I also spent some time looking at, https://help.ubuntu.com/community/Installation/QuickNetboot. There they ran through several checks for evaluating the ports but they didn't offer any resolve if things didn't act as purposed.

For example, check if dnsmasq is listening on the bootp port 67...



# sudo netstat -nulp | grep '67'

udp 0 0 0.0.0.0:67 0.0.0.0:* 943/dnsmasq
But when I, check if dnsmasq is listening on the tftp port 69


# sudo netstat -nulp | grep '69'
<no output>
Which leads me to believe that there is something wrong with the listening port 69, at least according to the post at https://help.ubuntu.com/community/Installation/QuickNetboot.

Debugging Info

iptables -L:


Chain INPUT (policy ACCEPT)
target prot opt source destination

Chain FORWARD (policy ACCEPT)
target prot opt source destination
ACCEPT all -- 10.1.84.0/24 anywhere
ACCEPT all -- anywhere 10.1.84.0/24

Chain OUTPUT (policy ACCEPT)
target prot opt source destination
some output from # sudo tcpdump -i eth0 ether host 00:24:8C:A8:59:07


tcpdump: verbose output suppressed, use -v or -vv for full protocol decode
listening on eth0, link-type EN10MB (Ethernet), capture size 96 bytes
00:39:27.314326 IP 0.0.0.0.bootpc > 255.255.255.255.bootps: BOOTP/DHCP, Request from 00:24:8c:a8:59:07 (oui Unknown), length 548
00:39:29.566264 IP 0.0.0.0.bootpc > 255.255.255.255.bootps: BOOTP/DHCP, Request from 00:24:8c:a8:59:07 (oui Unknown), length 548
00:39:29.629300 ARP, Request who-has barrel tell fish1, length 46
00:39:29.629308 ARP, Reply barrel is-at 00:0f:b0:8c:15:38 (oui Unknown), length 28
00:39:29.629385 IP fish1.2070 > barrel.tftp: 26 RRQ "pxegrub.0" octet tsize 0
00:39:29.629423 IP barrel > fish1: ICMP barrel udp port tftp unreachable, length 62
00:39:31.653139 IP fish1.2071 > barrel.tftp: 26 RRQ "pxegrub.0" octet tsize 0
00:39:31.653173 IP barrel > fish1: ICMP barrel udp port tftp unreachable, length 62
00:39:34.626407 ARP, Request who-has fish1 tell barrel, length 28
00:39:34.626487 ARP, Reply fish1 is-at 00:24:8c:a8:59:07 (oui Unknown), length 46
00:39:35.662830 IP fish1.2072 > barrel.tftp: 26 RRQ "pxegrub.0" octet tsize 0
00:39:35.662866 IP barrel > fish1: ICMP barrel udp port tftp unreachable, length 62
00:39:41.649549 IP fish1.2073 > barrel.tftp: 26 RRQ "pxegrub.0" octet tsize 0
00:39:41.649586 IP barrel > fish1: ICMP barrel udp port tftp unreachable, length 62
00:39:49.613723 IP fish1.2074 > barrel.tftp: 26 RRQ "pxegrub.0" octet tsize 0
00:39:49.613758 IP barrel > fish1: ICMP barrel udp port tftp unreachable, length 62
00:39:59.555281 IP fish1.2075 > barrel.tftp: 31 RRQ "pxegrub.0" octet blksize 1456
00:39:59.555321 IP barrel > fish1: ICMP barrel udp port tftp unreachable, length 67
00:40:04.554551 ARP, Request who-has fish1 tell barrel, length 28
I've also attached my dnsmasq.conf, with some of the mac addy's removed.

Conclusion
So I'm pretty new to Linux and Ubuntu, there is a lot I don't understand. But I have put in several hours of searching, trying, and reading. I know how offensive it can be when someone doesn't try before they post in the forums but I felt like it was time to ask for some help.
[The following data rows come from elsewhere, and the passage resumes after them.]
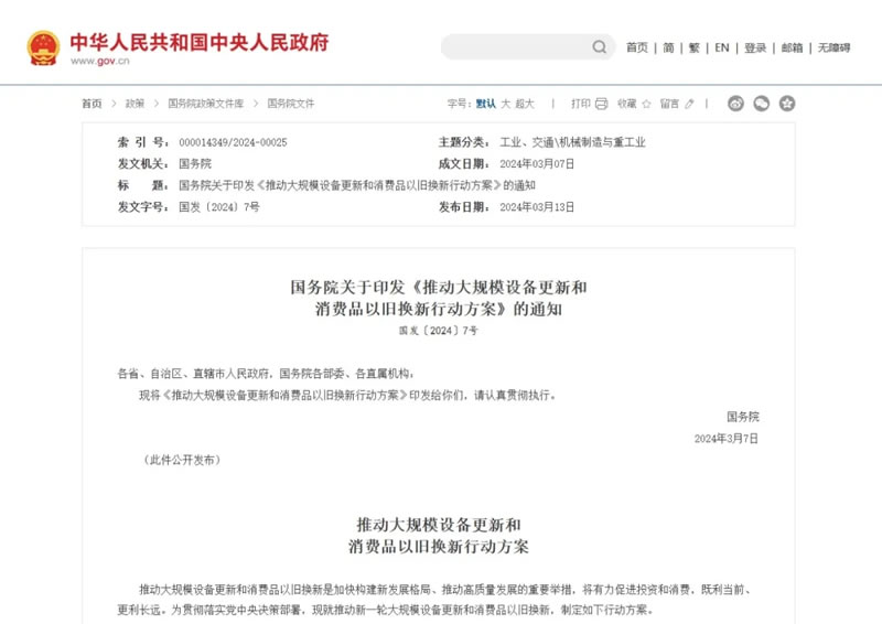 《推動大規(guī)模設(shè)備更新和消費(fèi)品以舊換新行動方案》的通知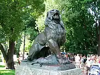 Next to the street is Odesa's first park, which was built shortly after the foundation of the city in 1803 by the De Ribas brothers, Joseph and Felix (Josep and Fèlix). This park has a fountain, bandstand, and several monuments, including a sculpture of a lion and lioness with her cubs, a chair commemorating the famous book "The Twelve Chairs", two monuments to Leonid Utyosov (a sculpture and also a phone which plays his music), and a monument to Sergey Utochkin, a famous pilot.[2]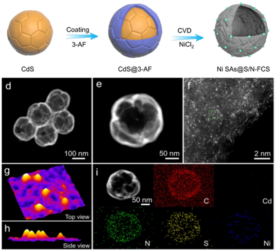图1. 中空Ni单原子催化剂的制备路线、形貌和结构

If you need any more system information I will be happy to respond back, I probably won't be able to respond back until after 6pm PST 6/7/10 so please ask for what ever data you need and if you don't mind including what you are looking for in that data and then the next logical step. I appreciate your help and value your time.

-Matt

which tftp server did you use/install? I prefer tftpd-hpa you checked port UDP/67 for DHCP, but you skipped through port UDP/69 quickly so to me it looks like there is no tftp-server running?
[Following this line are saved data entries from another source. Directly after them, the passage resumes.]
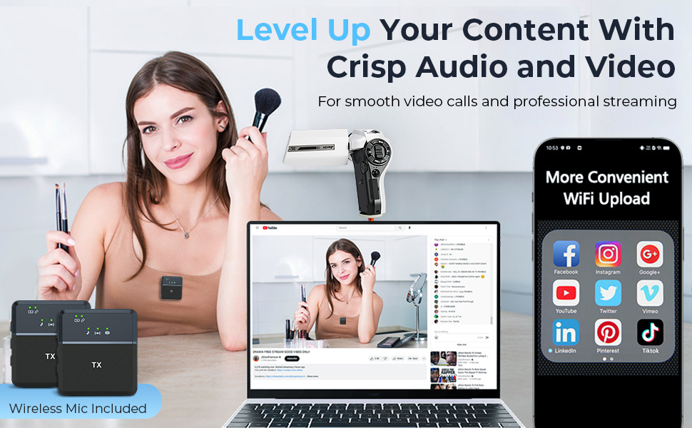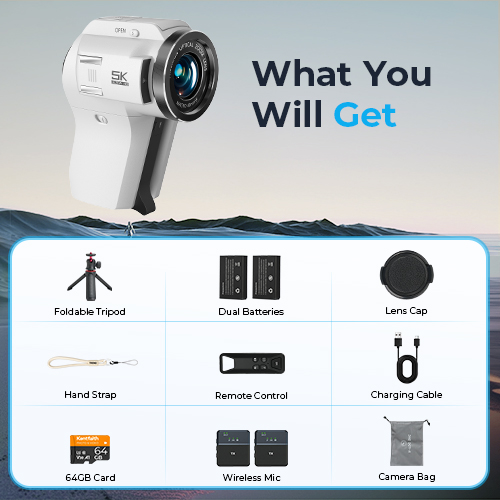 Elevate your online presence instantly. Kentfaith 5K video camcorder transforms into a high-definition webcam for live streaming on YouTube, TikTok, Skype, and more. To ensure your audio is as crisp as your video, we include a compact wireless microphone that captures your voice clearly without tying you down.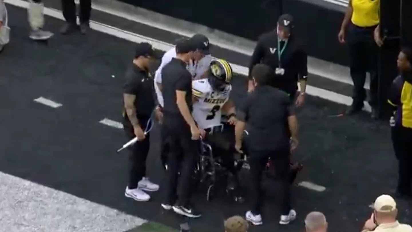 El mariscal de campo de Missouri, Beau Prybula, fue sacado del campo en una silla de ruedas y con un yeso en la pierna durante el enfrentamiento de Vanderbilt del sábado.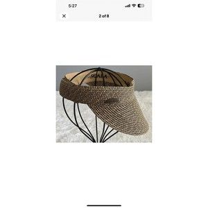 Scala Collezione Womens Straw Sun Visor Adjustable Hook/Loop Back Tan Black OSFM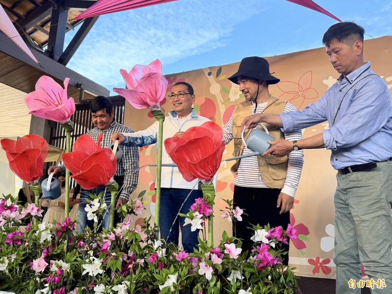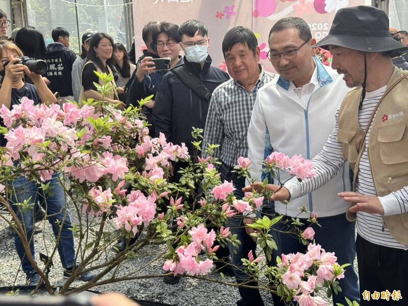 新北市長侯友宜(左2)出席杜鵑花展。(記者羅國嘉攝)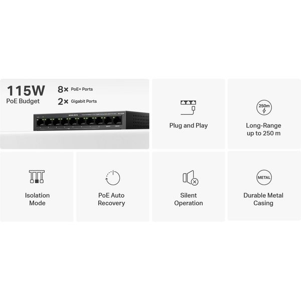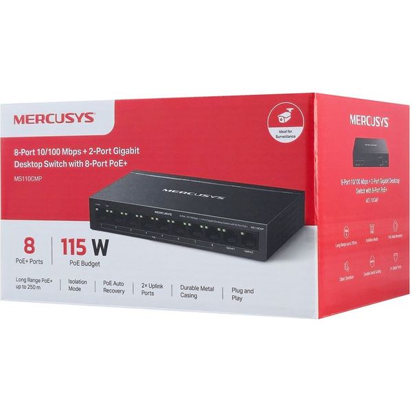 MERCUSYS MS110CMP 8-PORT 10/100 MBPS+2-PORT GIGABIT DESKTOP SWITCH WITH 8-PORT POE+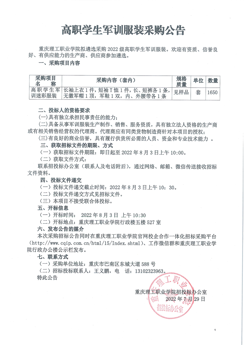 高职学生军训服装采购招标

with "lsof -i:69" you can check which process is listening to port 69 that should give you a huge clue.

install lsof with "sudo apt-get install lsof"

I will definitely check this when I get off work. In regards to what tftp server I am using, I am using DNSMasq as my tftp as that is how I believe we have it configured at work. I checked my dnsmasq.conf against the setup used at work and they are congruent except to the regard of my base IP selection.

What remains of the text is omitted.